シンプルながら必要な要素は細かいところまで導入

 このように、プレイヤーが関与できる部分ではルールの簡素化を大胆に進めているWPPだが、それでもPC版であるがゆえに、ボードのWITPより細かいルールを用意している。例えば、VITPでは空母ユニットの1要素として大まかな戦力値で表現されていた空母搭載の艦上機が、WPPでは1機単位で管理される。敵と交戦すれば所属する艦上機が失われ、失われた艦上機は基地に帰って時間をかけないと回復しない。水上艦艇ユニットも搭載する主砲と副砲のサイズと門数、対空火力、甲板装甲と舷側装甲がデータで用意されていて、海空戦や水上戦ではそれらの値を使い分けて戦闘処理を行っている。一見大雑把にデザインされているように思えるWPPの艦船ユニットだが、スペックの精密度を競うほかのPCウォーゲームと同程度の精度は再現していることになる。

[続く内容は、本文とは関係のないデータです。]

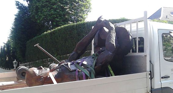 Eine Taxifahrt der besonderen Art unternahm die Figur auf unserem LKW, um an ihren neuen Sitzplatz zu gelangen.

 このような「大まかな」規模のウォーゲームでは、展開が史実から大幅に逸脱してしまう傾向にあるが、WPPでは、勝利条件によってプレイヤーは史実に近い経緯をたどるようになる。これをプレイヤーの行動を規制するデザインを「陰謀ルール」と評価するか、史実の再現性が高いと評価するかは、プレイヤーの嗜好で分かれる。ただ、WPPのゲームデザインが史実の軍令系統指導者が遭遇したのと同じような状況を再現して、彼らと同じような考え方をプレイヤーにさせることに成功している。

 実際にAI相手に太平洋戦争を繰り返し戦ってみた感触では、AIはそれほど強くない。しかし、WPPはネットワーク対戦をサポートしている(システムで用意しているのネットワーク対戦機能は、LANで接続されたPCのIPアドレスを直打ちして接続する)ので、対人戦ならAIの弱さは問題にならないだろう。海外のネットワーク対戦対応PCゲームでよく言われることだが、AI戦はルールを覚えるためのトレーニングモードで、本番はネットワーク対戦だという。そういう意味でも、3時間で勝敗が決まり、かつ、勝利条件の設定によって最後まで勝敗が予測できない緊迫したゲーム展開になるWPPは、ネットワーク対戦に最も適した太平洋戦争ウォーゲームといえる。

 プレイヤーの負荷を軽減し3時間程度でゲームが終了するために、可能な限りシンプルなゲームデザインと必要最小限のユニットを採用したWPPには、生産ルールや海上護衛戦などのロジスティックルールは用意されていない。ほどよくチューニングされた戦闘処理によって、ゲームの展開とプレイヤーの思考は史実から大きく逸脱しない。雷撃が日本軍しかできないことや水上戦闘が発生しやすいなど、戦闘システムは、日本軍がやや有利になるように設定されているが、それでも、日本軍は軍事的に圧倒されていく。ただし、巧みに設定された勝利条件によって、惰性で戦争を継続することにはならずにすんでいる。デザイナーは「これは、ゲームバランスを取るために勝利条件だ。歴史的に日本が勝つことはありえない」とはいうものの、日本軍指導者は、史実でも和平の可能性を見いだすために「最後の大勝利」を意図していた。

 WPPは、3時間という現実的な時間の中で、太平洋戦争を史実に近い経緯で追体験できるツールとしても使える奥深さも持っている。タイトルの“怪しいイラスト”に惑わされることなく、多くのウォーゲーマーに日本海軍の滅びの美学を体感してもらいたい。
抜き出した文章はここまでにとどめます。